* _TO DO_:
This task calls for the lines below starting at the one containing "On the front" and ending at the one containing "Gloss is owned", repeated exactly with both ends kept and pictures left out.

* _DATA FOR ANALYSIS_:

========

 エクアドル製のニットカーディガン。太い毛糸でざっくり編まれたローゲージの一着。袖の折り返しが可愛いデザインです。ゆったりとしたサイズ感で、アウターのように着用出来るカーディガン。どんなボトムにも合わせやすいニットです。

========

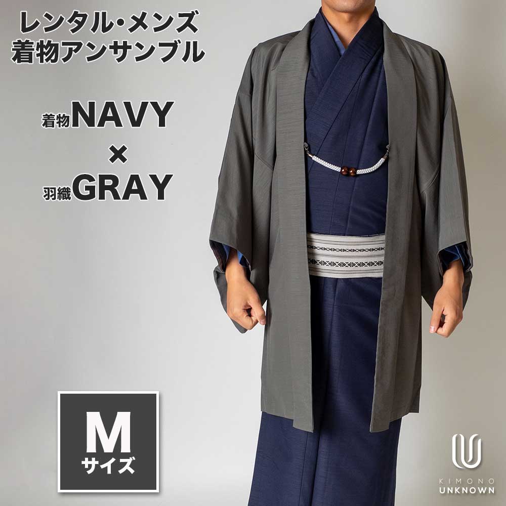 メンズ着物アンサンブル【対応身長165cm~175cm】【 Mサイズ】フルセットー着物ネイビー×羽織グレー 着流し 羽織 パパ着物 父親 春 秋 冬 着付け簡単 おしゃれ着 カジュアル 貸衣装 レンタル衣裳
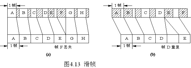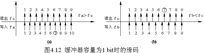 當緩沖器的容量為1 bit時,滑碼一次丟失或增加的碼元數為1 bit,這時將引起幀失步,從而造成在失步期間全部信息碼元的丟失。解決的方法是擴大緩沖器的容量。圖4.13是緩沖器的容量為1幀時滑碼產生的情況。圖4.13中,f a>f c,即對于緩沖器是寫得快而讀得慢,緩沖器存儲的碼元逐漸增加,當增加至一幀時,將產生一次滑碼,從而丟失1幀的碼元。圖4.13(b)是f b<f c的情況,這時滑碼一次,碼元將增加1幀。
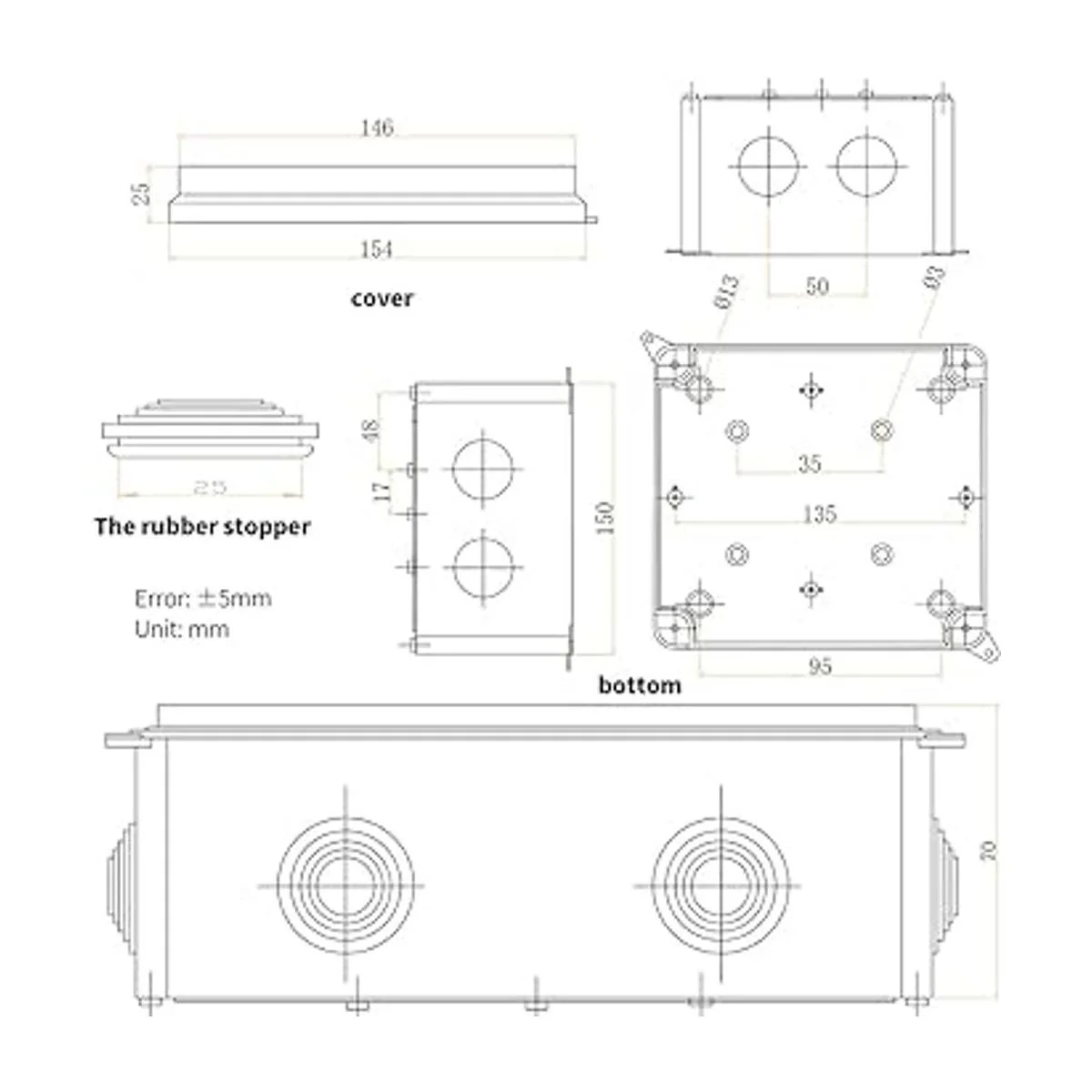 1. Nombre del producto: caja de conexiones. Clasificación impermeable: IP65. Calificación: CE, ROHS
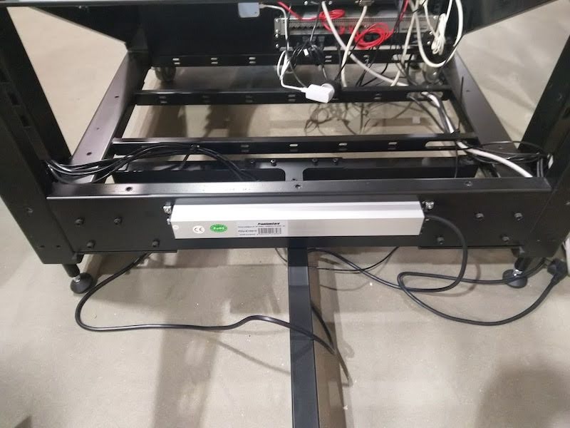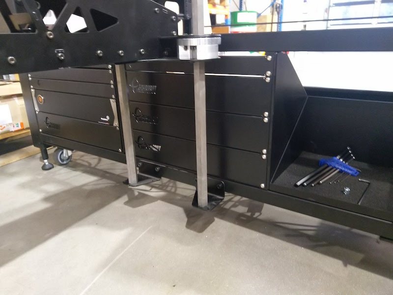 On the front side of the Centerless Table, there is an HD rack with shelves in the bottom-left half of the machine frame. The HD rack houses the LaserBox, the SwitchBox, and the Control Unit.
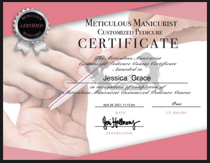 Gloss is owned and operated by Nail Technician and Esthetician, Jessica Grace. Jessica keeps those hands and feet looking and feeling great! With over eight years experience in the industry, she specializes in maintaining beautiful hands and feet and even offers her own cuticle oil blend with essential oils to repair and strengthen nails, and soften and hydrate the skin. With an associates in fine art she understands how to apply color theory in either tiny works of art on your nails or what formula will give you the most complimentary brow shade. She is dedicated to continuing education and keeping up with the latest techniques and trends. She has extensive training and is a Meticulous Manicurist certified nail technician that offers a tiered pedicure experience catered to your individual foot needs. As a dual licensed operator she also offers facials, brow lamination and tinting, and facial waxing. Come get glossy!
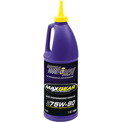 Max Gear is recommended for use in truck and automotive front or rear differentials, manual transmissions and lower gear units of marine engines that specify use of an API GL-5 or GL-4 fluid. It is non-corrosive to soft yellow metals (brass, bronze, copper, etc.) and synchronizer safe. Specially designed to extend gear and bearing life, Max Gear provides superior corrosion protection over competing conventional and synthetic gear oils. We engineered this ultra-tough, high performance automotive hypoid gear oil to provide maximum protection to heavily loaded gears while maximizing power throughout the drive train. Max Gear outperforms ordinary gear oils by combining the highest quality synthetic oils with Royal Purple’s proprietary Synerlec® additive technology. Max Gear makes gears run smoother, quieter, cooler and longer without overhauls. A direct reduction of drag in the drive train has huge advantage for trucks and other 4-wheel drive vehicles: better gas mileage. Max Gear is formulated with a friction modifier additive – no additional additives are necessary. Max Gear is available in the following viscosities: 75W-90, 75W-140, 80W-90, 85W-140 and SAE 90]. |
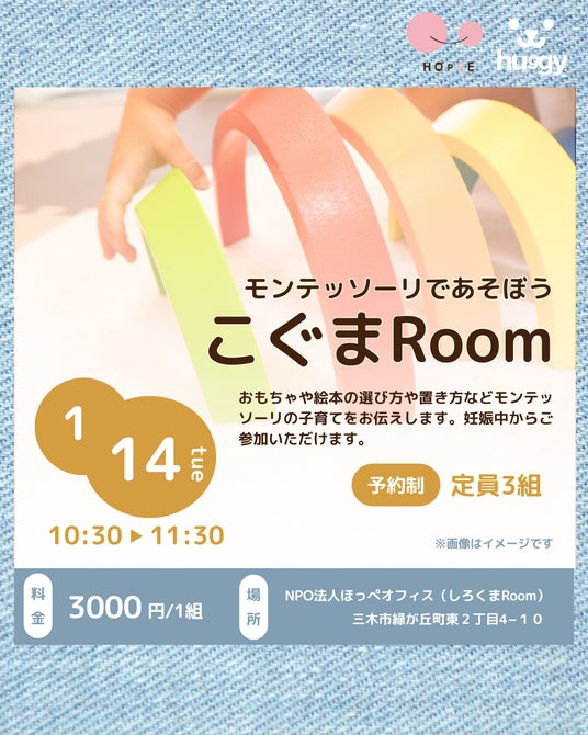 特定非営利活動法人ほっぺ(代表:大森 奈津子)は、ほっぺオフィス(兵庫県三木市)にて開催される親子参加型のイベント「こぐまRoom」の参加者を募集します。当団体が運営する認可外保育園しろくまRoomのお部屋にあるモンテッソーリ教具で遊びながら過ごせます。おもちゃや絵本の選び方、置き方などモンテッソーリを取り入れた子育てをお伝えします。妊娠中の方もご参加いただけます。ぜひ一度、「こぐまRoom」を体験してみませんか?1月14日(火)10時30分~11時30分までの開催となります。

========

* _TASK SOLUTION_:
 On the front side of the Centerless Table, there is an HD rack with shelves in the bottom-left half of the machine frame. The HD rack houses the LaserBox, the SwitchBox, and the Control Unit.
 Gloss is owned and operated by Nail Technician and Esthetician, Jessica Grace. Jessica keeps those hands and feet looking and feeling great! With over eight years experience in the industry, she specializes in maintaining beautiful hands and feet and even offers her own cuticle oil blend with essential oils to repair and strengthen nails, and soften and hydrate the skin. With an associates in fine art she understands how to apply color theory in either tiny works of art on your nails or what formula will give you the most complimentary brow shade. She is dedicated to continuing education and keeping up with the latest techniques and trends. She has extensive training and is a Meticulous Manicurist certified nail technician that offers a tiered pedicure experience catered to your individual foot needs. As a dual licensed operator she also offers facials, brow lamination and tinting, and facial waxing. Come get glossy!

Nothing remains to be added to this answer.